TASK REQUIREMENTS
With the pictures left out, print exactly the lines below that run from the one containing "under CC BY 4.0" through the one containing "Папки-файлы перфорированные А4".
(MATERIAL SHOWN)
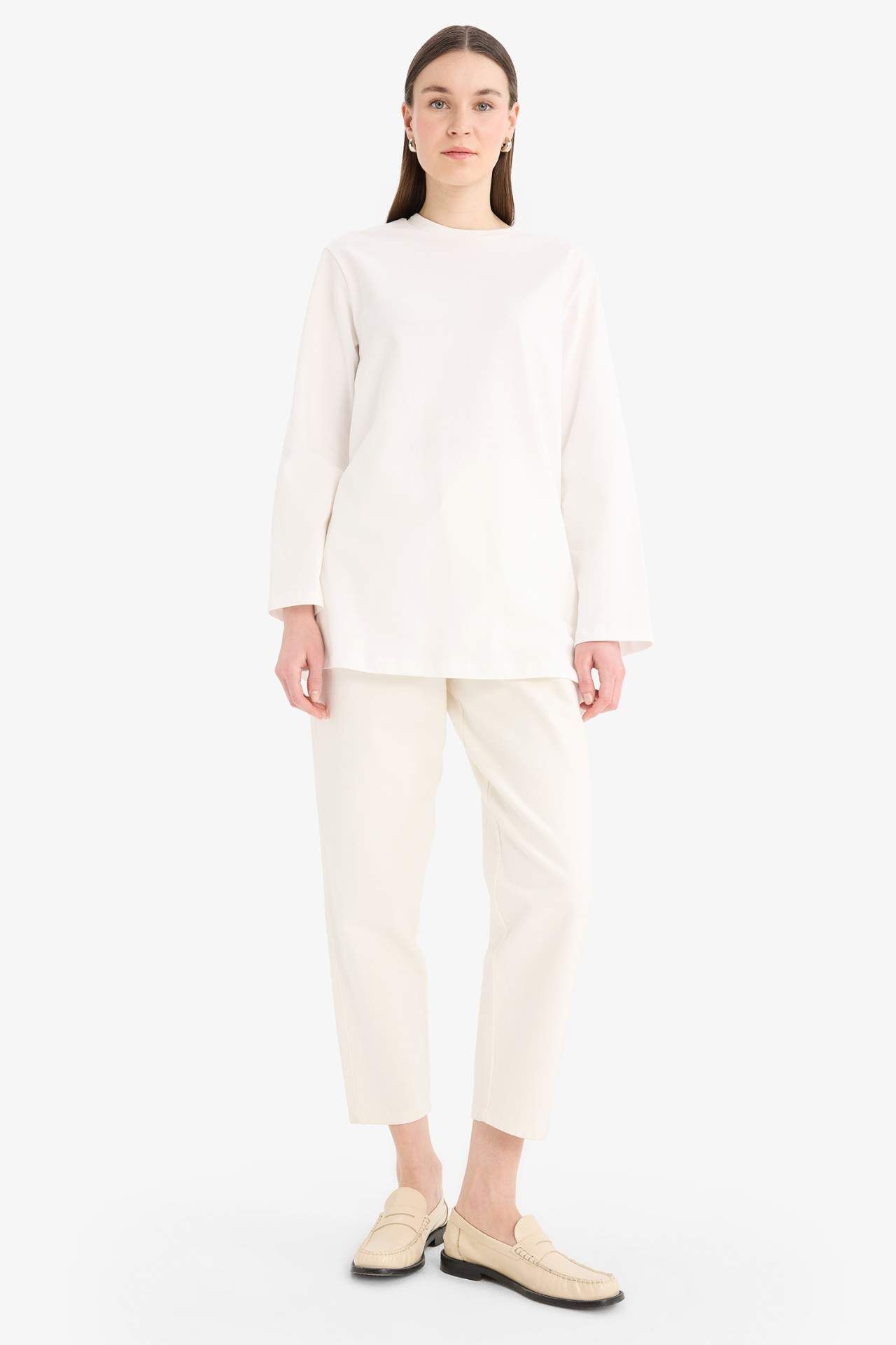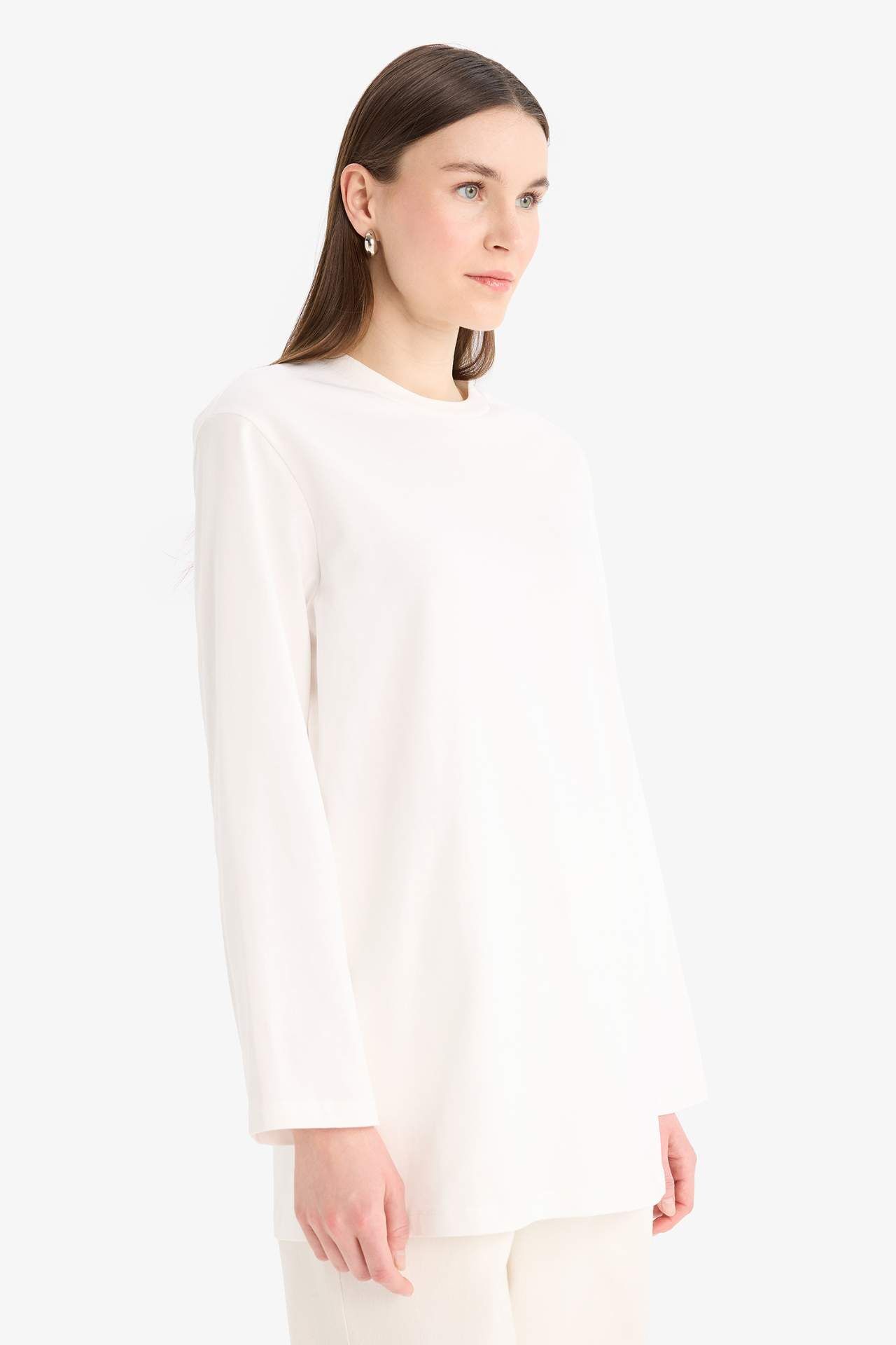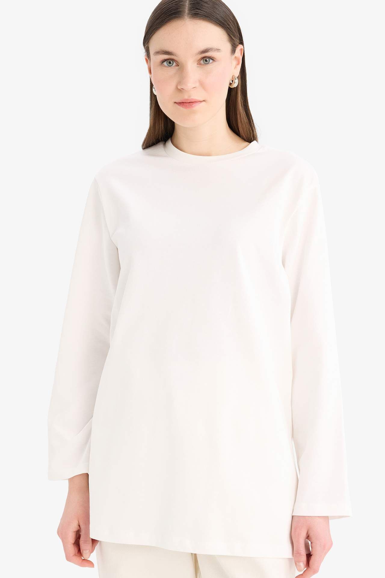 DeFacto Regular Fit Bisiklet Yaka Basic Düz Uzun Kollu Tişört Tunik D4897AX25SMER242
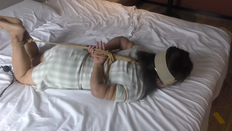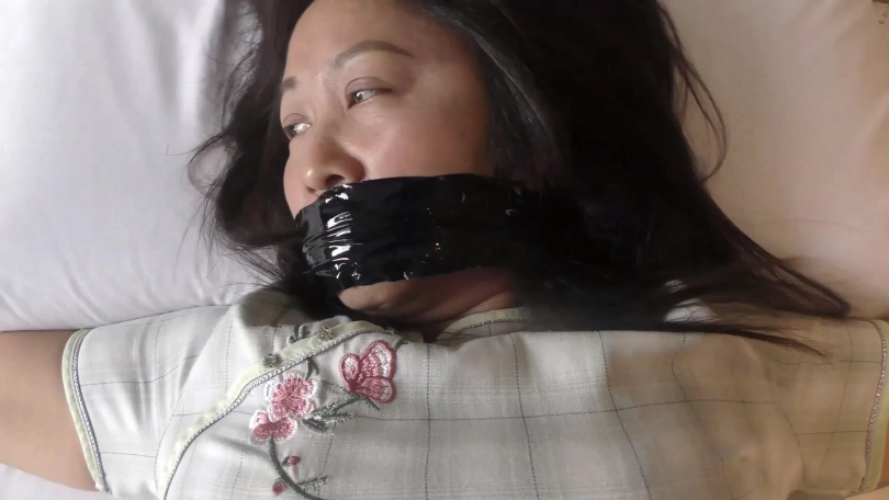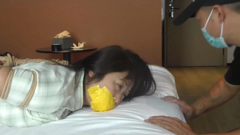 歹徒脱掉老阿姨脚上穿的一双肉色锦纶丝袜,撕开封嘴胶带把短丝袜拽出丢掉,强行把原味肉色锦纶丝袜一只只塞到老阿姨口中,外面用黄色强力胶布封好,再缠绕黑色胶带多圈和自粘绷带封严实。
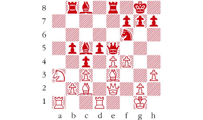 Black to play. This position is a variation from Maslak-Smerdon, Pardubice 2007. Black has powered through on the kingside. How can he finish off? Answers to me at The Spectator by Tuesday 8 September or via email to victoria@spectator.co.uk or by fax on 020 7681 3773. The winner will be the first correct answer out of a hat, and each week there is a prize of £20. Please include a postal address and allow six weeks for prize delivery.
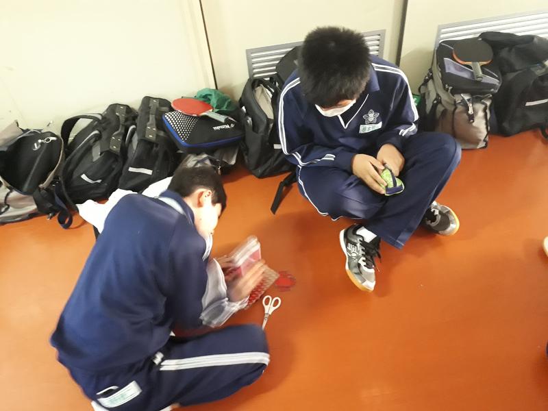 これは・・・卓球のラケットにラバーを貼っているんですね。(秘密要素はありませんでした)
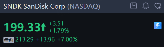 存儲概念股盤前普漲。截至發稿, SanDisk Corp 大漲超7%,開盤勢將再創新高。美光科技、希捷科技漲超3%,西部數據漲2.8%。據供應鏈消息,三星電子已率先暫停10月DDR5DRAM合約報價,引發SK海力士和美光等其他存儲原廠跟進,將導致供應鏈“斷糧”,恢復報價時間預計或將延後至11月中旬。雖然存儲四季度合約價上漲已成爲市場共識,但此前預期是10月底前就可以敲定四季度合約價。但三星遲遲不願提供合約報價,直接告訴下游客戶“無貨可賣”,導致短短一週內,DDR5現貨價格飆升25%。
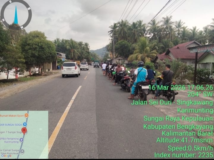 Sungai Raya, Bengkayang Kalbar – TransTV45.com || Breaking news Cerita antrian panjang BBM masih berjalan sampai kini, antrian panjang di SPBU Desa Sungai Raya, kecamatan Sungai Raya Kepulauan, Kabupaten Bengkayang. Senin (16/03/2026)
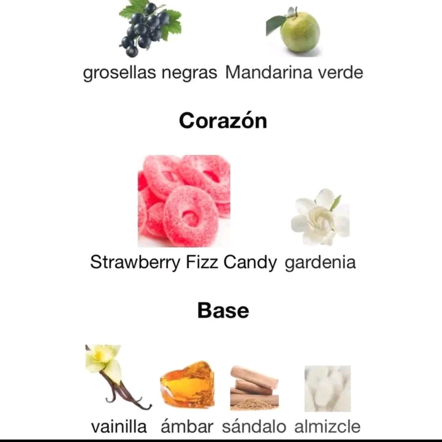 Poco después, entra la fase del corazón, jugosa y gourmand: el cartón de “strawberry fizz candy” combina con la flor de gardenia, añadiendo una dimensión cremosa-dulce floral que suaviza la intensidad frutal, haciéndola más elegante, como una dulce bombonería perfumada.
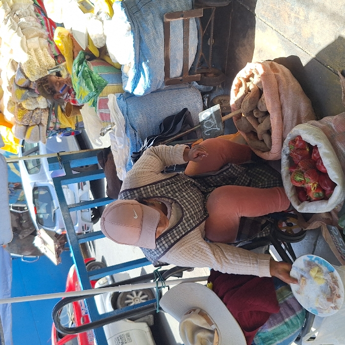 - "A woman in a pink cap and plaid apron sits amidst bags of produce, including potatoes and red peppers, on a platform, possibly a cart" by FM-b0Aw43, licensed under CC BY 4.0
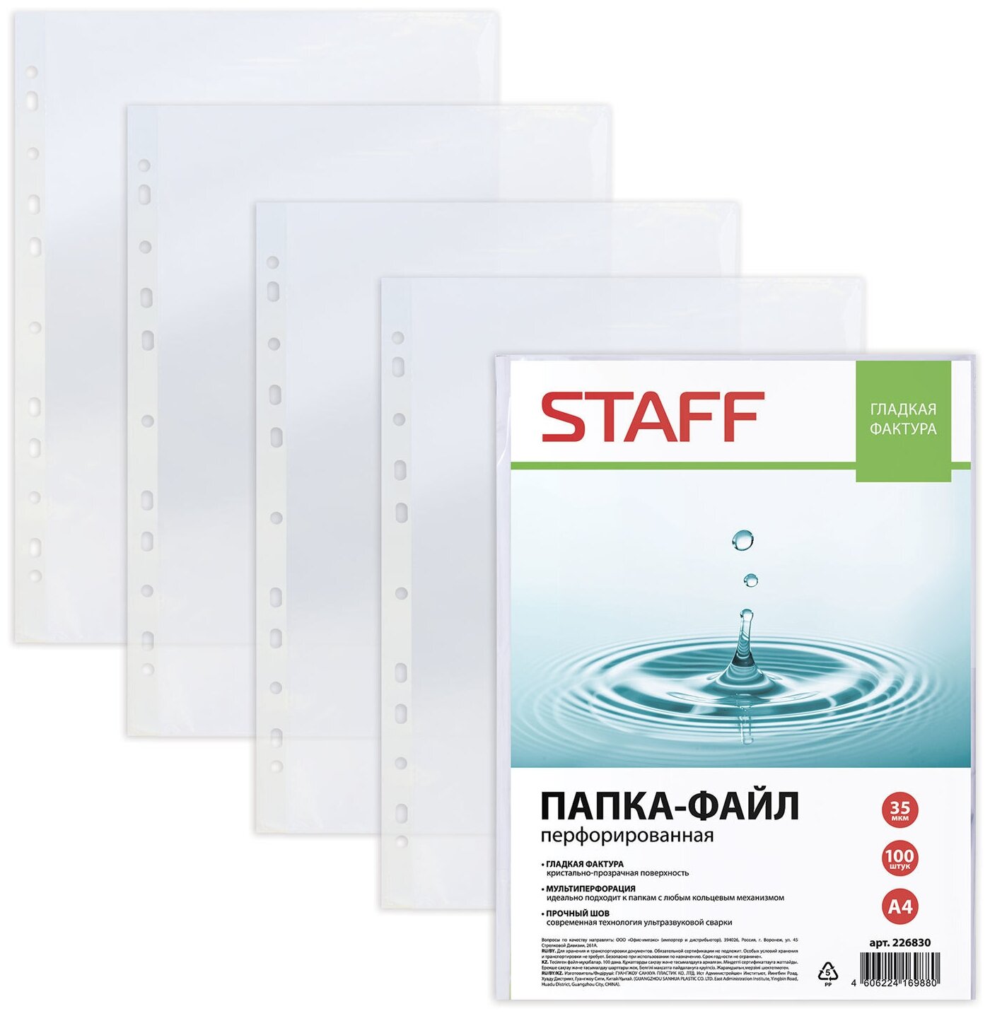 Папки-файлы перфорированные А4 STAFF "эконом", комплект 100 шт., гладкие, 35 мкм, 226830 информация:
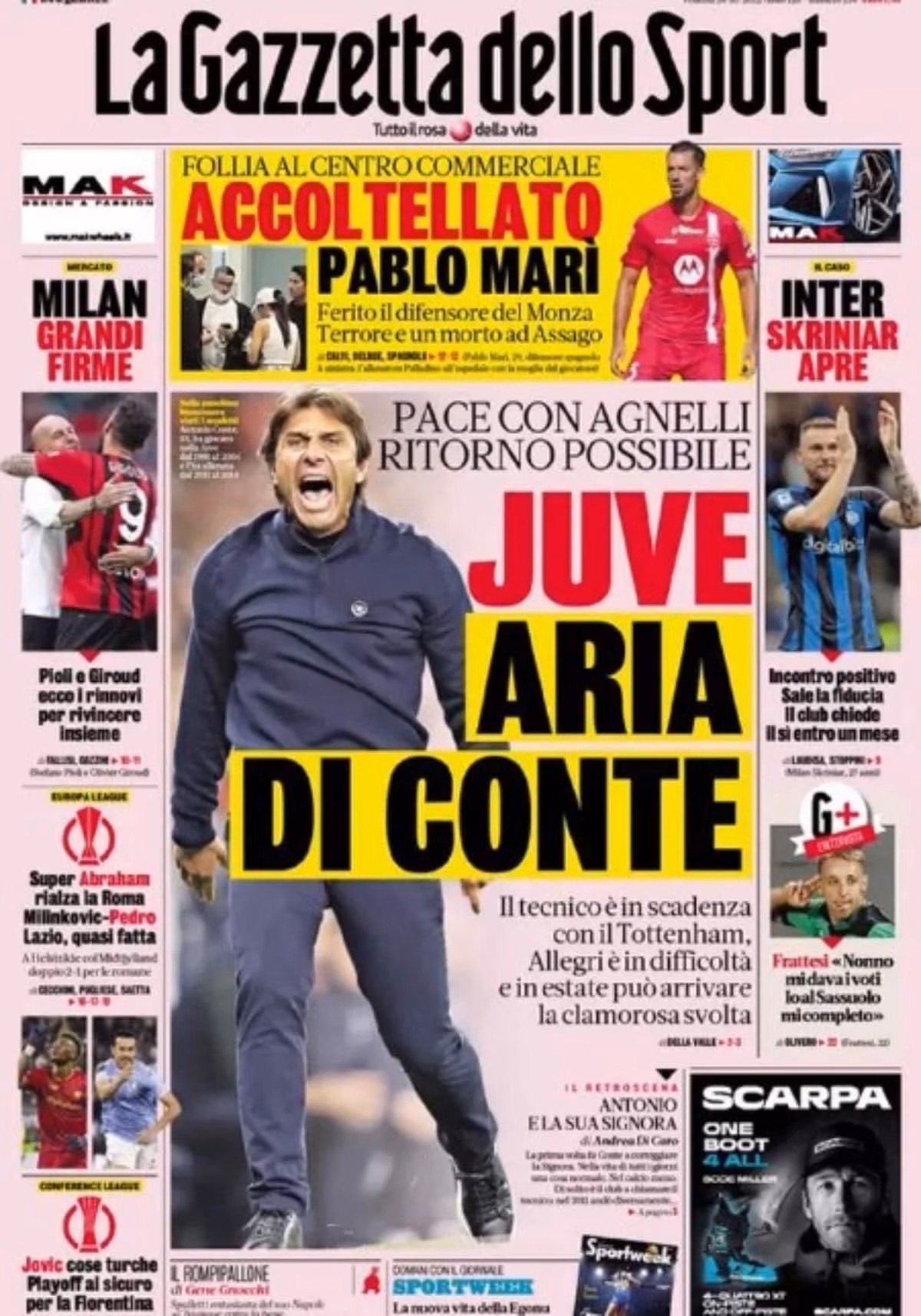Oggi La Gazzetta dello Sport dedica la prima pagina proprio al possibile cambio in panchina, titolando: “Juve, aria di Conte“. Secondo la Rosea, il tecnico avrebbe fatto pace con il presidente Agnelli e sarebbe pronto a tornare.
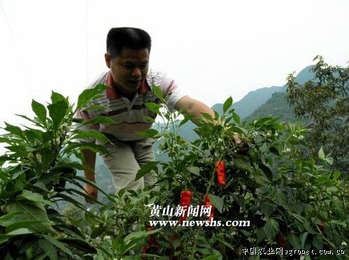 9月7日,歙县岔口镇农技人员洪建培在帮助菜农查看高山蔬菜成熟情况。
(End MATERIAL SHOWN)
ANSWER BELOW
 - "A woman in a pink cap and plaid apron sits amidst bags of produce, including potatoes and red peppers, on a platform, possibly a cart" by FM-b0Aw43, licensed under CC BY 4.0
 Папки-файлы перфорированные А4 STAFF "эконом", комплект 100 шт., гладкие, 35 мкм, 226830 информация:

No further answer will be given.